What the task requires: Up to and including the line that holds "César the bear", print the data exactly from its first line; do not print the pictures.

Start of Data listing

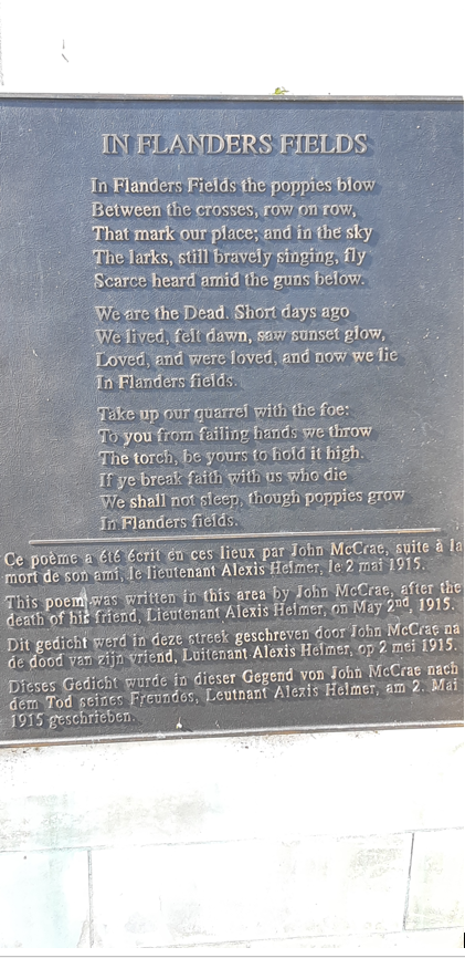 The day before he wrote his famous poem, one of McCrae's closest friends was killed in the fighting and buried in a makeshift grave with a simple wooden cross. Wild poppies were already beginning to bloom between the crosses marking the many graves. Unable to help his friend or any of the others who had died, John McCrae gave them a voice through his poem. It was the second last poem he was to write.
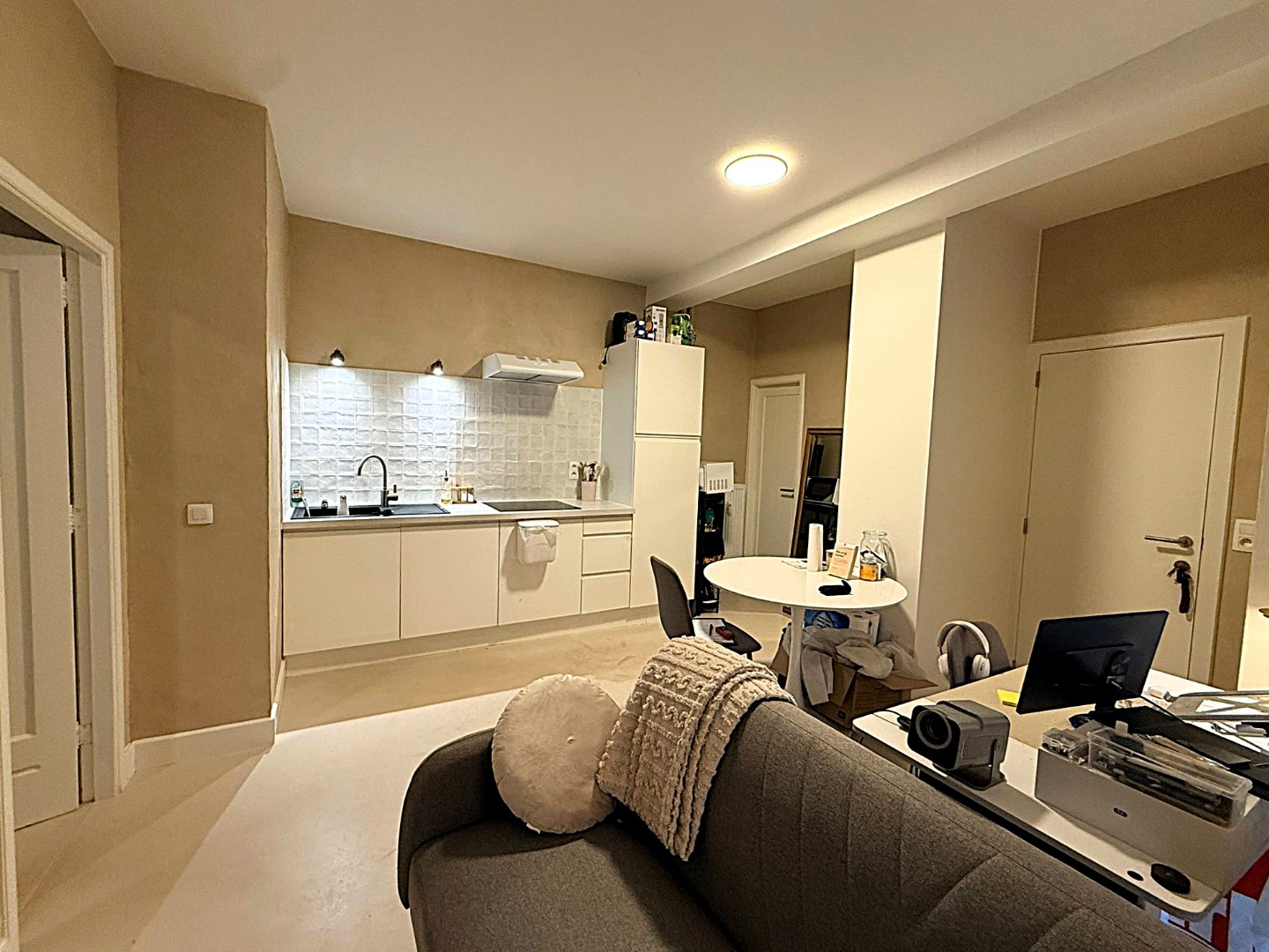 Lichtrijke leefruimte met open, volledig uitgeruste designkeuken voorzien van kwalitatieve toestellen, apart gastentoilet, volwaardige slaapkamer (ca. 10 m²) en een luxueus ingerichte badkamer met moderne inloopdouche.
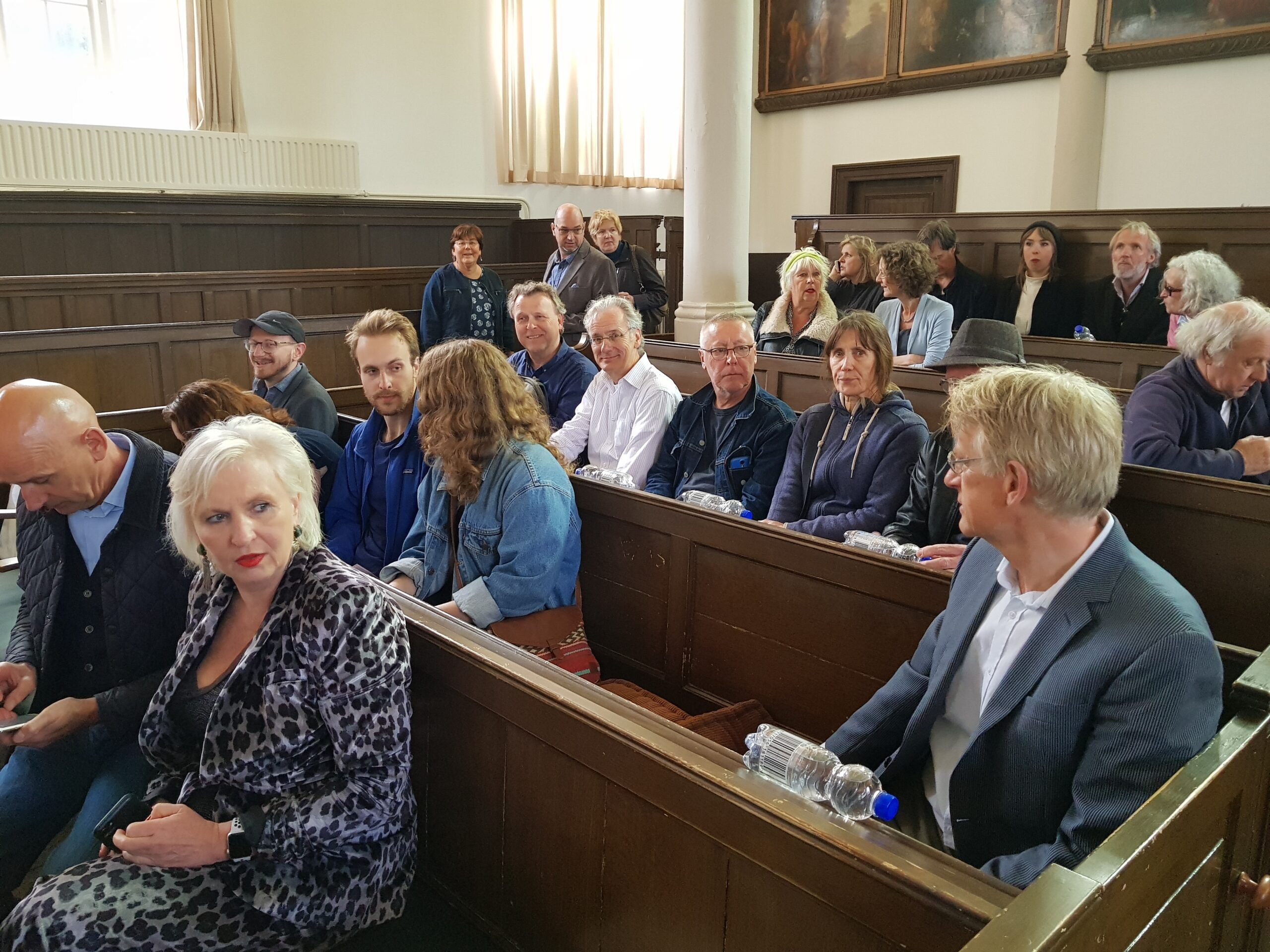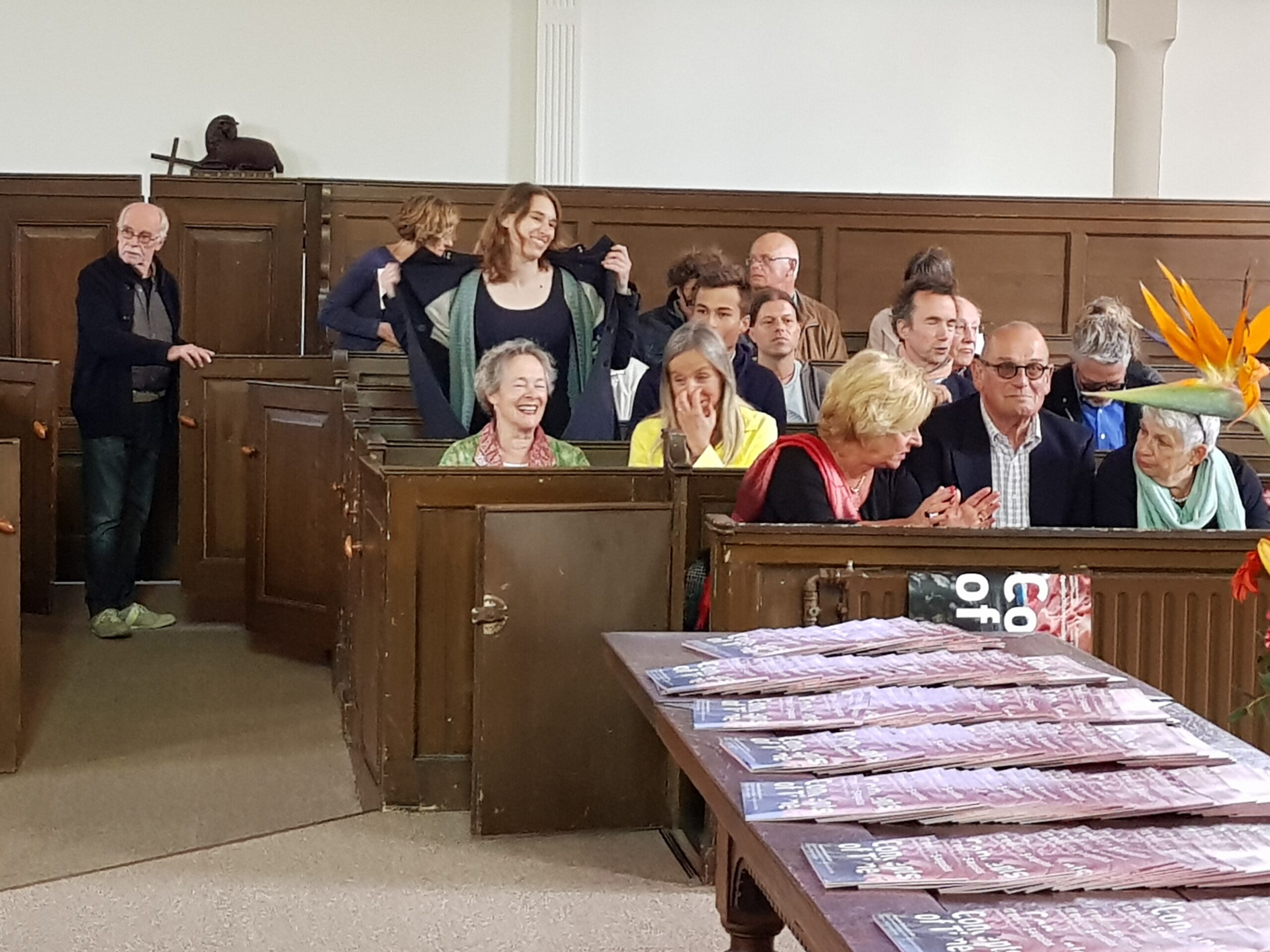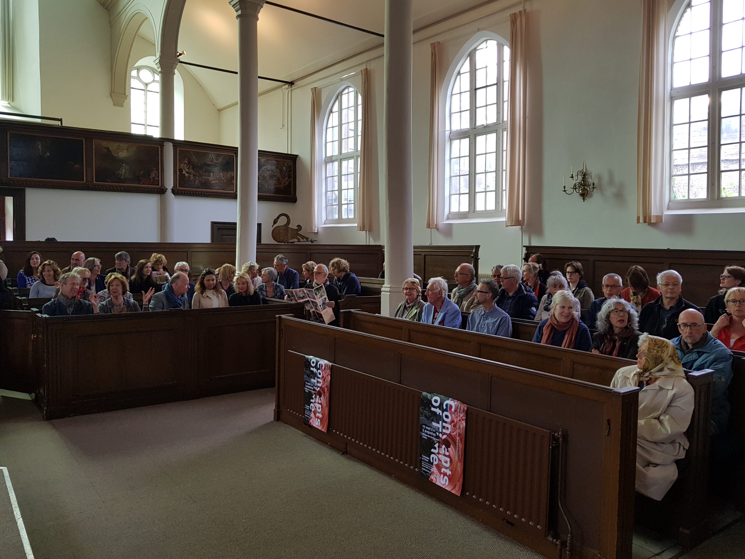 Onder grote belangstelling is donderdagmiddag de zevende editie van de openluchttentoonstelling Beelden in Leiden van start gegaan op de Hooglandse Kerk. In een goedgevulde Lutherse Kerk werd, voorafgaand aan de opening die werd verzorgd door directeur Wim Weijland van het Rijksmuseum van Oudheden, de Frans de Witprijs uitgereikt aan Damian Kapojos uit Zwolle die met zijn beeld ‘The Starship Affliction’ de hoogste ogen gooide bij de vakjury.
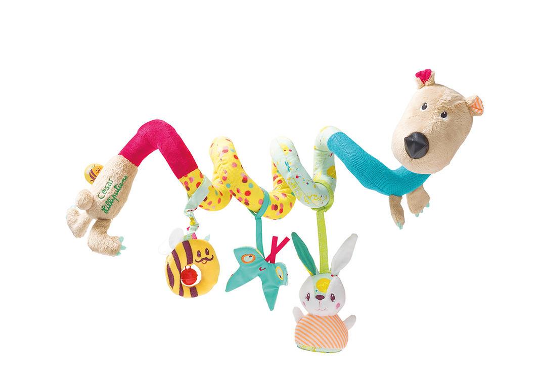César the bear can be wound around the playpen, pushchair or baby seat and has so many activities to keep your baby happy: a bumblebee-bell, a cute butterfly and a little rabbit mirror!
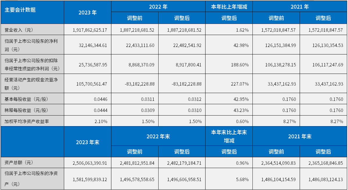 2023年度主要會(huì)計(jì)數(shù)據(jù)和財(cái)務(wù)指標(biāo)
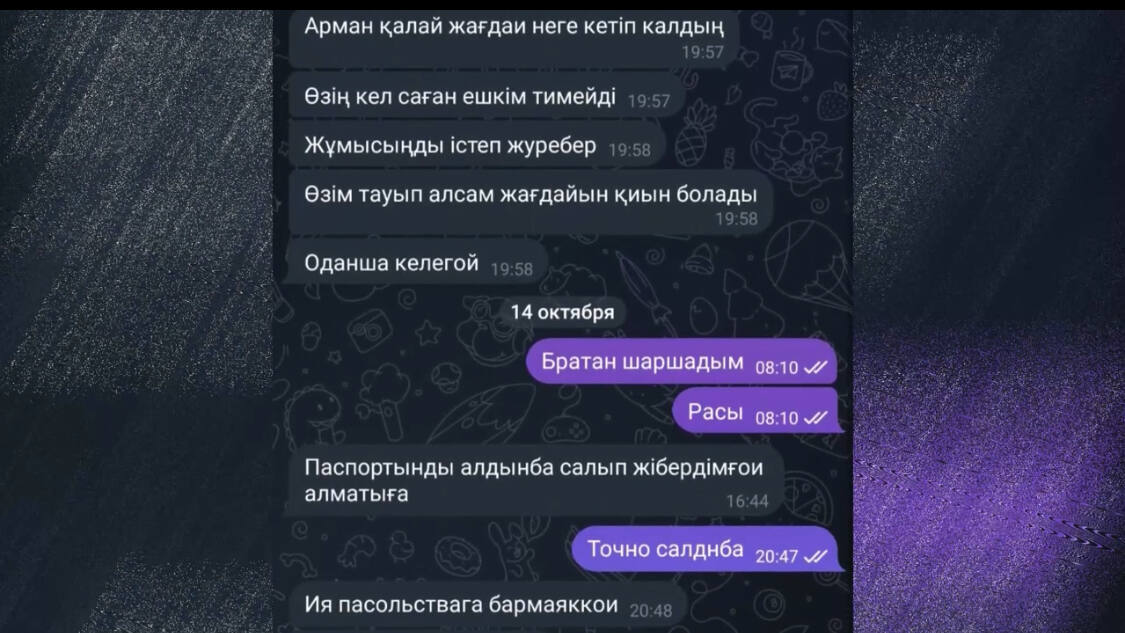 Также женщина добавила, что ей скинули переписку её брата с неизвестным, который угрожал молодому человеку и требовал самостоятельно вернуться в Шымкент.
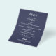 Um documento de valor de barato de 80 lb. de peso, essas pequenas placas de menu janto azul de safira apresentam suas opções de comida em letras brancas quentes. Perfeito para uma recepção de casamento moderna, janto de ensaio de casamento, festa de aniversário, ou qualquer evento especial com um janto sentado. *Medidas de 4,5" x 5,6" (ou escolha entre 2 outros tamanhos) O Serviço de Design ao Vivo pode ajudá-lo com o layout, o tamanho ou o ajuste da cor, se necessário.
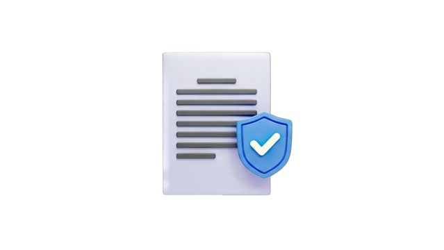 3D render showing a document in a folder with warning signs and a magnifying glass, indicating issues, errors, or security review. background removed
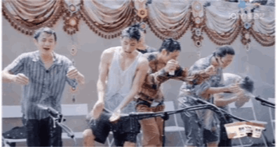 因為遊戲一直失敗,兄弟們被水噴到全身濕透。鄧超索性開玩笑:有沒有沐浴液,順便把澡洗了。
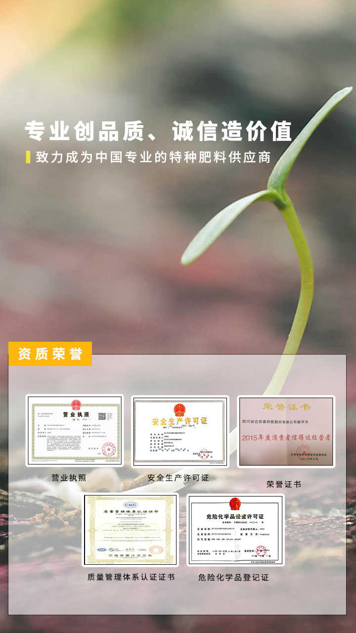 經(jīng)過二十余年的探索和實(shí)踐,依托自身技術(shù)和出口背景,按照國際市場規(guī)范培養(yǎng)了大批高素質(zhì)的專業(yè)化技術(shù)化團(tuán)隊(duì),掌握了水溶性肥料的核心技術(shù),擁有完善的研發(fā)中心、質(zhì)檢中心,目前已獲得多個(gè)國家專利技術(shù)。公司一直把“做中國專業(yè)的特種肥料供應(yīng)商”作為自身的發(fā)展使命。推廣高端植物營養(yǎng)與先進(jìn)技術(shù),高效施肥方式的綜合配套方案,減輕中國種植業(yè)勞動強(qiáng)度,讓種植業(yè)效率更高、效果更強(qiáng)、效益更好!努力成為革新中國種植業(yè)生產(chǎn)方式的偉大公司!
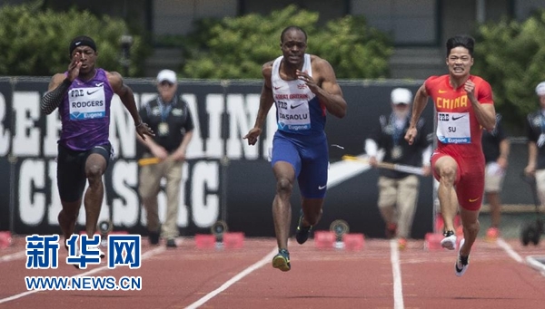 5月30日,苏炳添(右一)在比赛中。当日,在国际田联钻石联赛尤金站男子100米比赛中,中国选手苏炳添以9秒99的成绩获得第三名,打破全国记录。 新华社记者杨磊摄

End of Data listing

Result for this exercise:
 The day before he wrote his famous poem, one of McCrae's closest friends was killed in the fighting and buried in a makeshift grave with a simple wooden cross. Wild poppies were already beginning to bloom between the crosses marking the many graves. Unable to help his friend or any of the others who had died, John McCrae gave them a voice through his poem. It was the second last poem he was to write.
 Lichtrijke leefruimte met open, volledig uitgeruste designkeuken voorzien van kwalitatieve toestellen, apart gastentoilet, volwaardige slaapkamer (ca. 10 m²) en een luxueus ingerichte badkamer met moderne inloopdouche.
 Onder grote belangstelling is donderdagmiddag de zevende editie van de openluchttentoonstelling Beelden in Leiden van start gegaan op de Hooglandse Kerk. In een goedgevulde Lutherse Kerk werd, voorafgaand aan de opening die werd verzorgd door directeur Wim Weijland van het Rijksmuseum van Oudheden, de Frans de Witprijs uitgereikt aan Damian Kapojos uit Zwolle die met zijn beeld ‘The Starship Affliction’ de hoogste ogen gooide bij de vakjury.
César the bear can be wound around the playpen, pushchair or baby seat and has so many activities to keep your baby happy: a bumblebee-bell, a cute butterfly and a little rabbit mirror!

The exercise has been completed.